Target: interactive picker

Both cases can be solved with dedicated tools: WeatherComparisonTool for comparison, CityPickerTool for clarification, then ConfirmationTool for confirmations. For a simple product this is a perfectly fine path. The limit shows up later: the catalog starts to grow not by the number of reusable primitives, but by the number of scenarios. Every new UX gesture demands a new top-level tool.

One Tool to Compose Them All

This points to a different move: keep one general-purpose tool for generative UI, and pass the entire response structure as its argument instead of a single component. Let’s call it generate_ui. Same idea — tool call as UI payload — only now the arguments hold not one card, but the whole component tree.

The structure is easiest to pass flat: a single components array, one component with id: "root", and connections between components as plain id references.
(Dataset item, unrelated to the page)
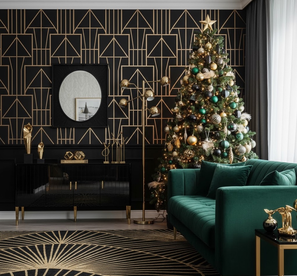 Art Deco Modern Holiday decor infuses the festive season with the glamour and geometric elegance of the 1920s and 30s, reinterpreted for a contemporary setting. This style is characterised by bold symmetry, luxurious materials, and a sense of sophisticated opulence. Materials often include polished brass, mirrored surfaces, black lacquer, velvet, and rich, dark woods, all contributing to a dramatic and refined aesthetic. The colour palette is typically rich and striking, featuring deep emerald green, sapphire blue, ruby red, or black, often contrasted with shimmering gold or silver accents. Decorations are geometric, fan-shaped, or feature intricate patterns, such as faceted baubles, feathered ornaments, and sleek metallic garlands. Functionality is about creating a visually stunning and immersive experience. The mood is one of sophisticated grandeur and timeless elegance, making this modern Christmas decor perfect for a truly luxurious and stylish celebration.

The component catalog shows up directly in the payload: each node names its own component and carries the attributes declared for it.

{
  "components": [
    {
      "id": "root",
      "component": "Comparison",
      "items": ["novi-sad", "belgrade"]
    },
    {
      "id": "novi-sad",
      "component": "WeatherCard",
      "location": "Novi Sad",
      "temperature": 22,
      "unit": "c"
    },
    {
      "id": "belgrade",
      "component": "WeatherCard",
      "location": "Belgrade",
      "temperature": 24,
      "unit": "c"
    }
  ]
}

This is still a tree in normalized form: one root, references only by id, no cycles, no orphans, no child reused in two places. But now the link between the wire format and the catalog is direct. If a node says component: "WeatherCard", it carries that component’s attribute schema. If Comparison.items is declared as a list of component references, the application can check not just the array type but that the items inside really are weather cards.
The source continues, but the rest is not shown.